Application of Atlas-SNP2 to the 454 Watson genomic sequence data

[i] We used the two sets of prior values when running Atlas-SNP2 to assess the variant allele probabilities. Consistent with the tuning results in the S. aureus data set, the “set 1” priors generated reasonable resolutions. In the run using the “set 1” priors, approximately 2.66 million loci (boxes highlighted in dark blue and blue) had high confidence when the variant read coverage was greater than two at each locus. The quality of the discoveries was indicated by the high confirmation rate when compared to the dbSNP database; specifically, 92.6% of the loci were found in the dbSNP Builld 129 database (when we used only the high quality entries with the quality flags set as “1”).

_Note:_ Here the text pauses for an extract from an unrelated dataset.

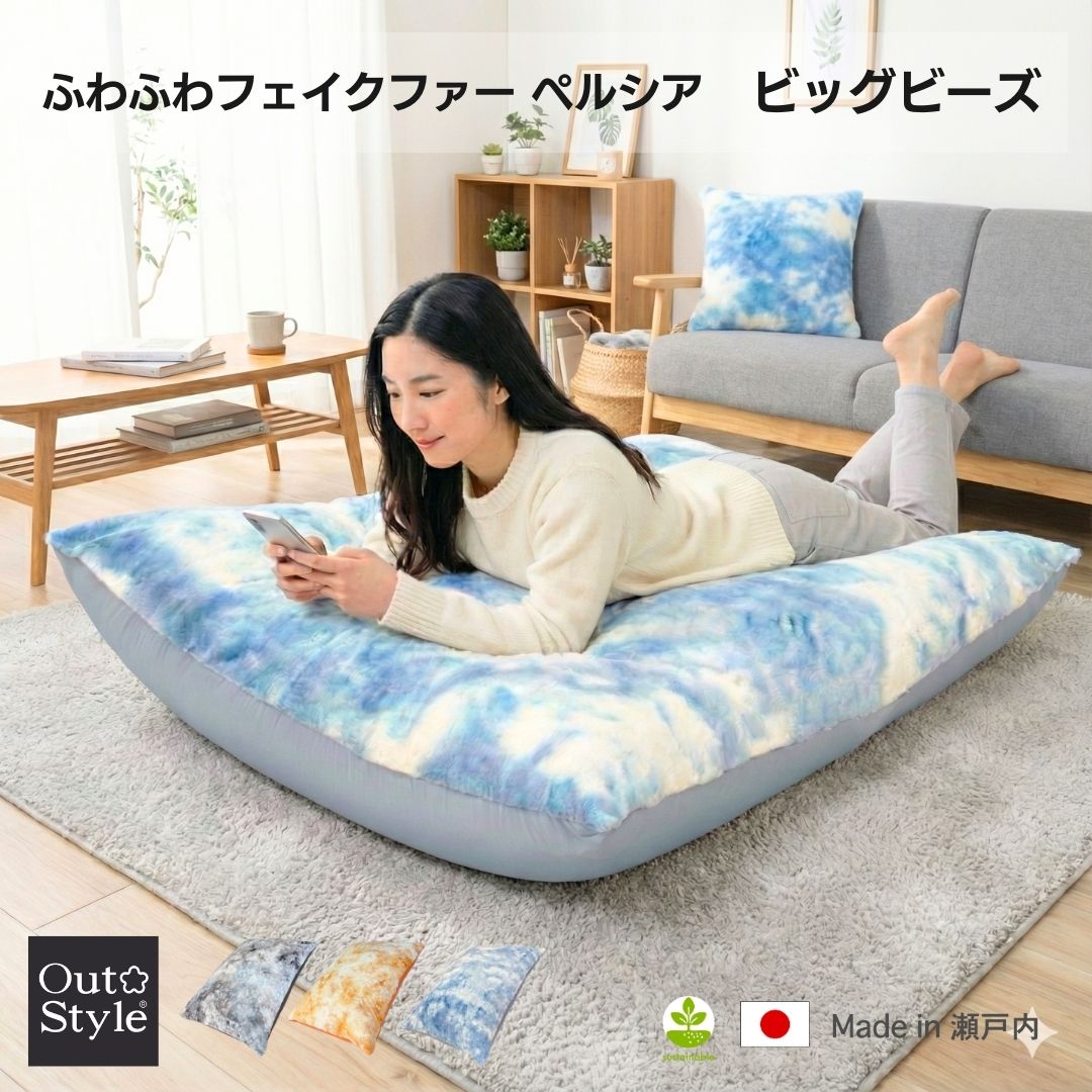 Out Style ヘタリにくい ビーズクッション ビッグ 特大 日本製 発泡ビーズ 補充可 洗えるカバー 95x125x25cm フェイクファー ペルシア

When compared to the Affymetrix 500K microarray genotype results, overall we detected 72.8% of Affymetrix sites with variant alleles (heterozygotes = 50% and homozygotes = 92%), and the genotype concordance was as high as 99.2%. If we included the ones in gray boxes that had at most two variant read coverage per site, there were around 3.4 million total loci, and the overall detection sensitivity for loci in the Affymetrix 500K platform was increased to 81% (heterozygotes = 71.1% and homozygotes = 94.2%) that was close to the expected numbers (Wheeler et al. 2008), whereas the dbSNP confirmation rate decreased to 83.3%. This illustrated that Atlas-SNP2 could achieve high accuracy, while the depth coverage was an important factor for our detection sensitivity.